The free event is part of the Integrating Trees Network, which is an initiative led by crofters and farmers, and supported by Scottish Forestry and the Scottish Government.
Dr Michael Foxley of Achaphubuil will be inviting other crofters to take a tour with him on his croft to discuss the benefits of growing native trees.
The event is being held as part of Scottish Climate Week and gives an opportunity to discuss the importance of tree planting in tackling climate change.
The tour of Dr Foxley’s croft is being held on Friday 30th September between 10:15am to 1:15pm.
Dr Foxley said: “It’s really timely that this event is being held during Scottish Climate Week. Not only are the croft’s trees helping reverse biodiversity loss, they are also helping the planet. Added to that, they are providing vital shelter on the hill for sheep.
“Getting the trees in the ground was a great feeling of achievement and pleasure, which only increases as the trees become more established. Within months I had ground nesting birds in the woodland, as well as buzzards hunting and orchids flowering on what had been a grazed hillside. A real joy!”
Scottish Forestry’s forestry and farming development officer Lyn White added: “The Integrating Trees Network has proved very popular with farmers and crofters because of its informal yet informative approach.

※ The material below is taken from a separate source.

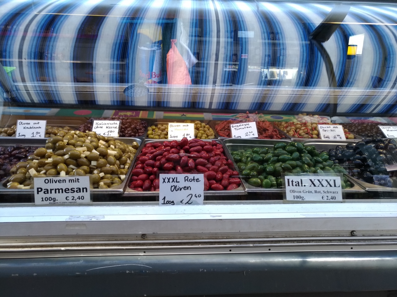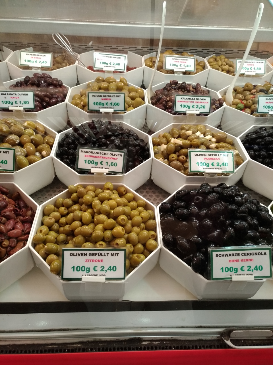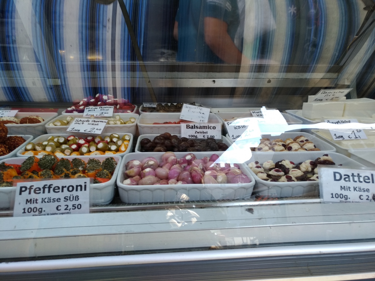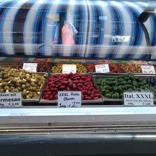 マジョリカハウス、メダイヨンマンションを見に行き、ここを通ってそのままオペラまで歩いていきました。野菜、果物、肉等の他に、フォアグラ専門店や香辛料の店が並んでいます。スタッフドオリーブがいろいろ並んで、とても綺麗でした。1個ずつ買って食べたいと思いました。見ているだけで楽しい通りです。午前中の空いている時間だったので、スリなどの心配も無く歩きました。

“The events put crofters and farmers in touch with other crofters and they can chat over tree planting experiences with no hard sell.
”Part of this ‘Walking and Talking Trees’ event is to discuss the importance of trees in tackling climate change and making a business more resilient to a changing climate.”
Dr Foxley has been planting native trees on his croft for around 40 years at No2, Achaphubuil and has been instrumental in helping other crofting townships develop in the area.
He has been working alongside neighbouring crofters to regenerate the woodlands with a range of native trees and has used deer fencing and cattle grids to protect the woodlands.
Dr Foxley’s success has also been down to close partnership working and support from the Conaglen Estate, who own the hill grazings. They are collectively recreating a network of woodlands for wildlife corridors and biodiversity between the ancient woodlands of Camusnagaul and Achaphubuil.
During the tour, Dr Foxley will outline his initial thought processes on starting to grow trees and his objectives, challenges and the benefits planting has brought.
Staff from Scottish Forestry and Woodland Trust Scotland will be on hand to help with advice on forestry grants.